ABCDEFGHIJ0123456789

year <dbl>	sex <chr>	name <chr>	n <int>	prop <dbl>
1970	M	Arvind	5	2.620e-06
1972	M	Arvind	8	4.780e-06
1975	M	Arvind	7	4.310e-06
1976	M	Arvind	5	3.060e-06
1977	M	Arvind	9	5.260e-06
1978	M	Arvind	6	3.510e-06
1979	M	Arvind	7	3.910e-06
1980	M	Arvind	6	3.230e-06
1981	M	Arvind	8	4.300e-06
1982	M	Arvind	6	3.180e-06

glimpse(my_name_data)

Rows: 61
Columns: 5
$ year <dbl> 1970, 1972, 1975, 1976, 1977, 1978, 1979, 1980, 1981, 1982, 1983,…
$ sex  <chr> "M", "M", "M", "M", "M", "M", "M", "M", "M", "M", "M", "M", "M", …
$ name <chr> "Arvind", "Arvind", "Arvind", "Arvind", "Arvind", "Arvind", "Arvi…
$ n    <int> 5, 8, 7, 5, 9, 6, 7, 6, 8, 6, 7, 7, 7, 13, 8, 11, 6, 8, 12, 10, 1…
$ prop <dbl> 2.620e-06, 4.780e-06, 4.310e-06, 3.060e-06, 5.260e-06, 3.510e-06,…

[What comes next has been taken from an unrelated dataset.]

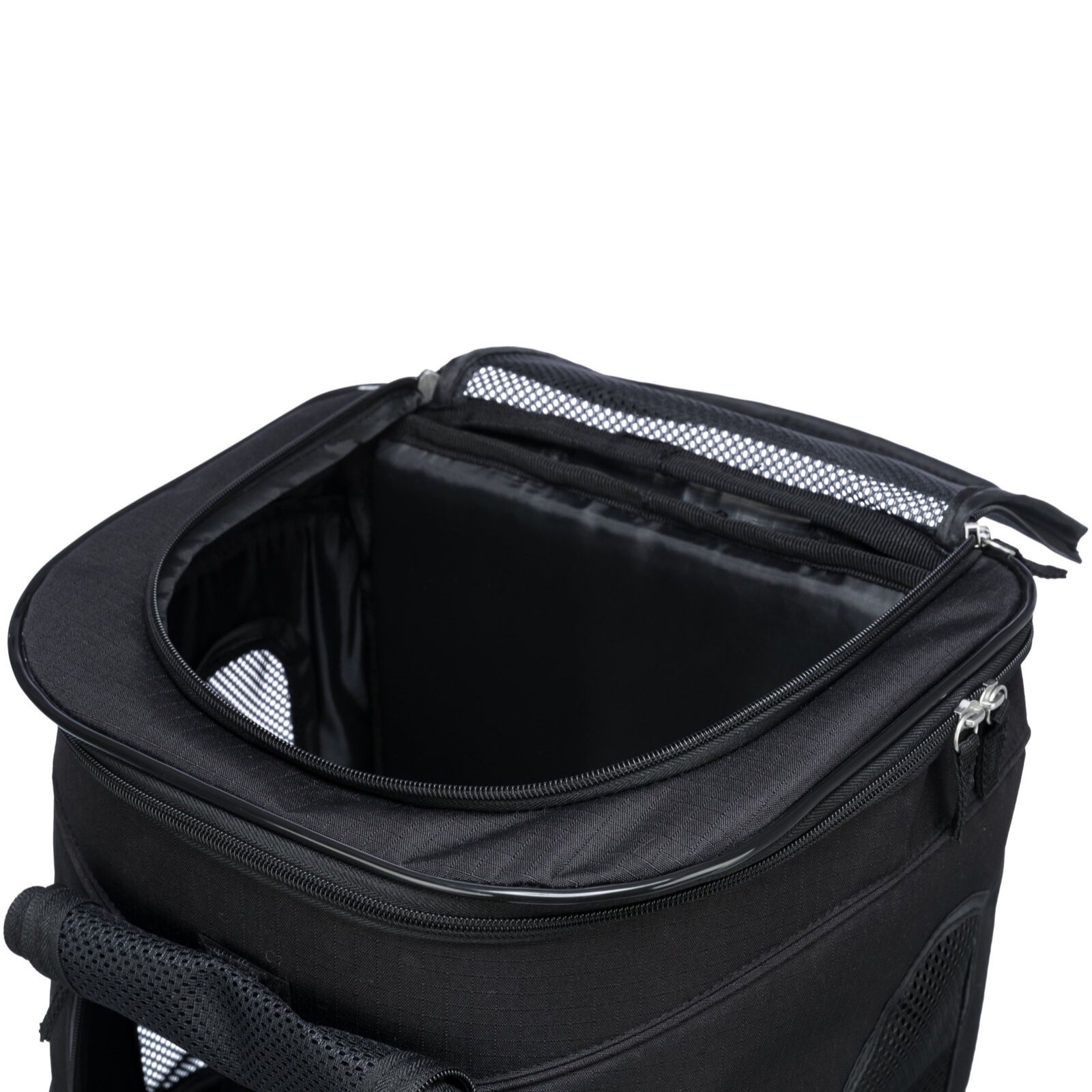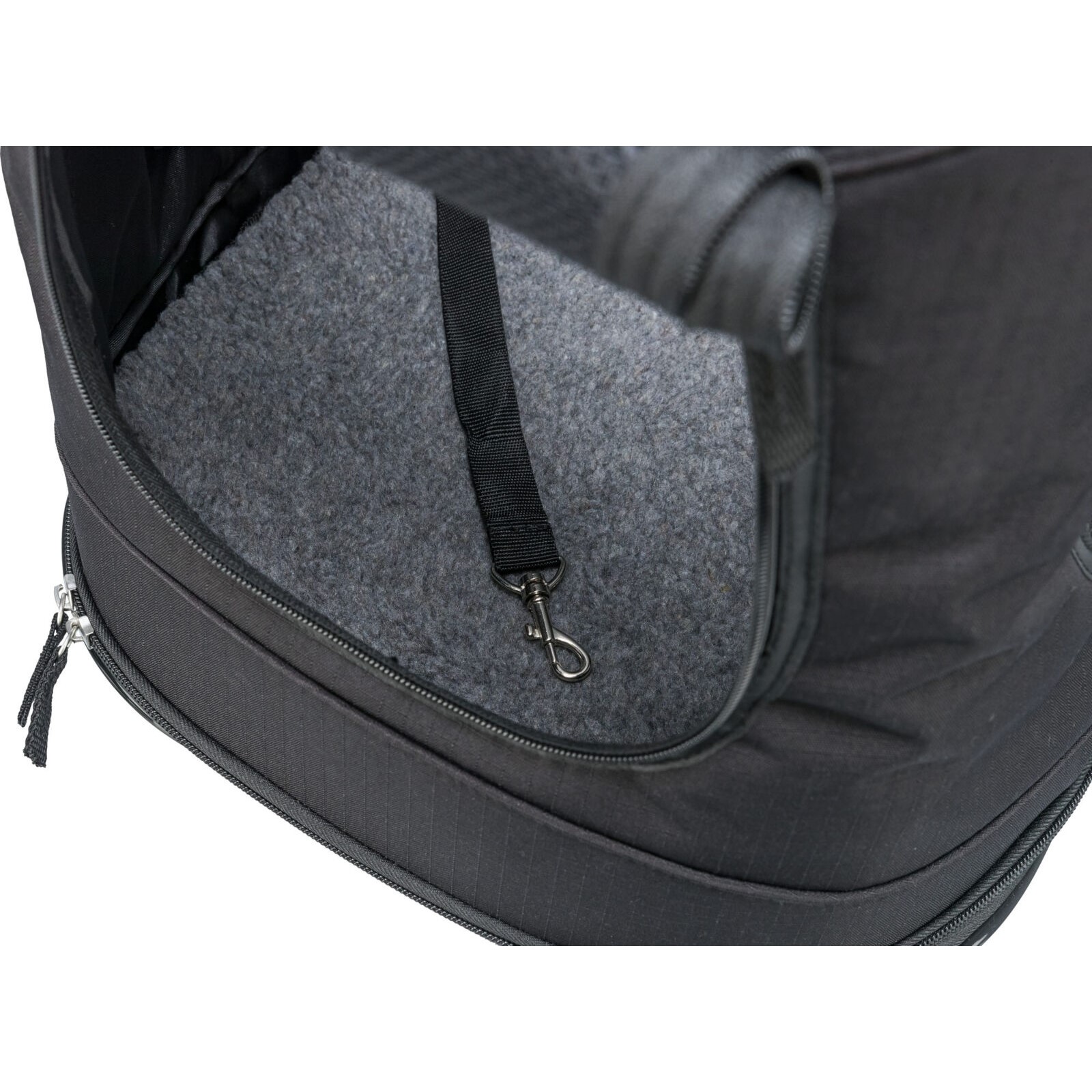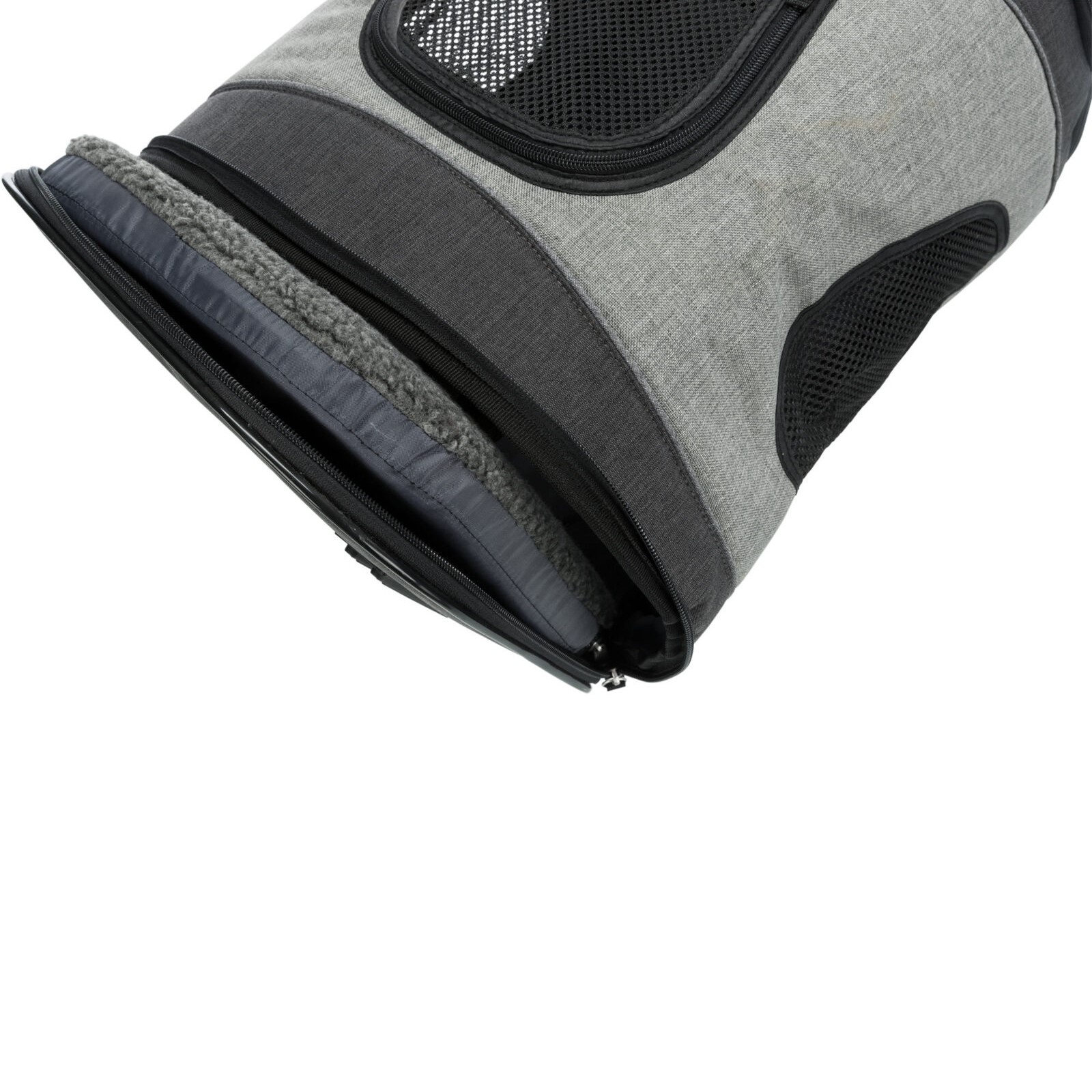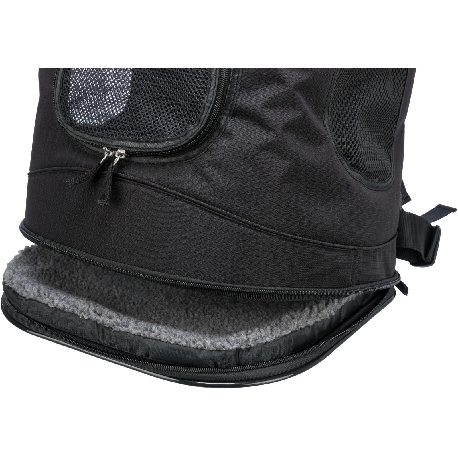 Kvaliteten er god. Dette er en robust ryggsekk. Åpning finner du i topp og front, mens det er netting for luft og utsyn på siden. På innsiden får kjæledyret myk og koselig polstring i lammeull-stil. Denne kan tas ut for rengjøring.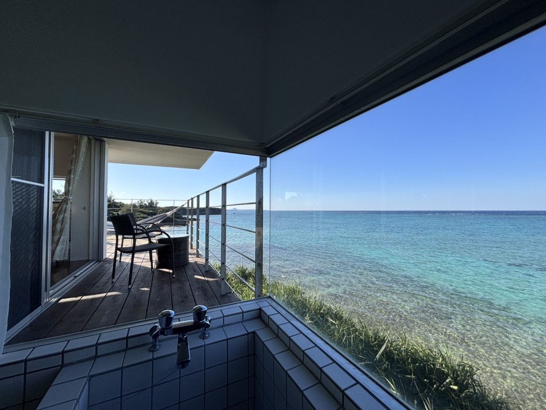 オーシャンビューバス/シャワー/ウォシュレット付きトイレ/液晶テレビ/冷蔵庫/電子レンジ/ドライヤー/湯沸かしポット/ドルチェグスト/島ぞうり/ハンモック/ミネラルウォーター

Again, if you have sane-looking output here, move along to plotting the data!

plot <-
  ggplot(my_name_data, aes(
    x = year,
    y = prop,
    group = name,
    color = name
  )) +
  geom_line()

Now if you did this right, you will not see your plot!

Because we saved the ggplot with a name (plot), R just saved the object for you. But check out the top right pane in RStudio again: under the Environment pane you should see plot, so it is there, you just have to ask for it. Here’s how:

plot

Make a new name plot

Edit my code above to create a new dataset. Pick 2 names to compare how popular they each are (these could be different spellings of your own name, like I did, but you can choose any 2 names that are present in the dataset). Make the new plot, changing the name of the first argument arvind in ggplot() to the name of your new dataset.

Save and share

Save your work so you can share your favorite plot with us. You will not like the looks of your plot if you mouse over to Export and save it. Instead, use ggplot2’s command for saving a plot with sensible defaults:

help(ggsave)

ggsave("file_name_here.pdf", plot) # please make the filename unique!

That’s it! You have created and saved your first chart in R!!!